▶ [Work to be completed] For this exercise, return exactly the lines of the material below that begin at the one with "曖昧な指示になってしまってい" and stop after the one with "18K Gold Ball Charm Bracelet".

▶ [Given records]
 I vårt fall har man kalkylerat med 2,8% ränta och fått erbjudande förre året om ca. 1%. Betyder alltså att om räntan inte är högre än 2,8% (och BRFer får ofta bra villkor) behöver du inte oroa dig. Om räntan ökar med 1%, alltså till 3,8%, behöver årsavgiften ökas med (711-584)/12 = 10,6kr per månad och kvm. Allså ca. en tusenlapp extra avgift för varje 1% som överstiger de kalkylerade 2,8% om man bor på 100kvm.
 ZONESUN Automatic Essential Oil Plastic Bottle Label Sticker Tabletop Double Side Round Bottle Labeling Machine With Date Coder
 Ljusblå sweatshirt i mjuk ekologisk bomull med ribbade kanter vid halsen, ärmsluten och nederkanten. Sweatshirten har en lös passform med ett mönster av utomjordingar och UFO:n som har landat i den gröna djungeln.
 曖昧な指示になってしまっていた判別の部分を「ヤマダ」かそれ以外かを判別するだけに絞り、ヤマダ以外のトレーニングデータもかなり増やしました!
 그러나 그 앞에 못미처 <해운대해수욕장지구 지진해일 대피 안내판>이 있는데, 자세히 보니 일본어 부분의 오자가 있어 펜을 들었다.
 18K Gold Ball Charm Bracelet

---

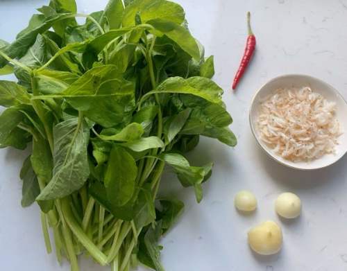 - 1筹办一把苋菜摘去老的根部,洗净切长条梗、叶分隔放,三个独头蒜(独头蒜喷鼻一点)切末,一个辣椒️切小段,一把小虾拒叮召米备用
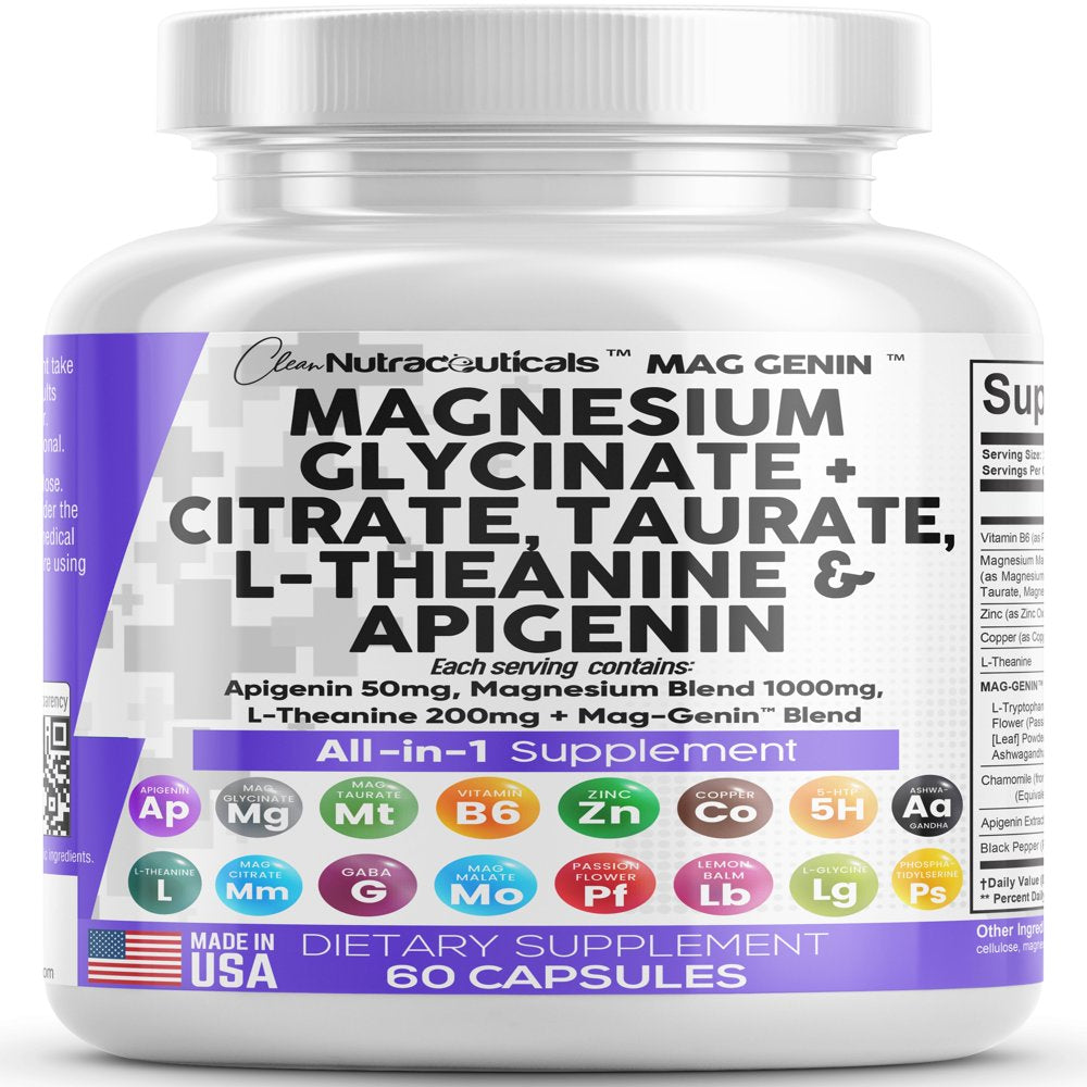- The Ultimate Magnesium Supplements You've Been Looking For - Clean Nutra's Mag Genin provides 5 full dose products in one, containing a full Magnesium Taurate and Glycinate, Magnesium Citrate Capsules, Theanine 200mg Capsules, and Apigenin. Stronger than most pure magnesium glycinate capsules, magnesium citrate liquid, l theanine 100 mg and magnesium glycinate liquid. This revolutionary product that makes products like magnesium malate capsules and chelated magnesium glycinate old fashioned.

▶ [Reply]
 曖昧な指示になってしまっていた判別の部分を「ヤマダ」かそれ以外かを判別するだけに絞り、ヤマダ以外のトレーニングデータもかなり増やしました!
 그러나 그 앞에 못미처 <해운대해수욕장지구 지진해일 대피 안내판>이 있는데, 자세히 보니 일본어 부분의 오자가 있어 펜을 들었다.
 18K Gold Ball Charm Bracelet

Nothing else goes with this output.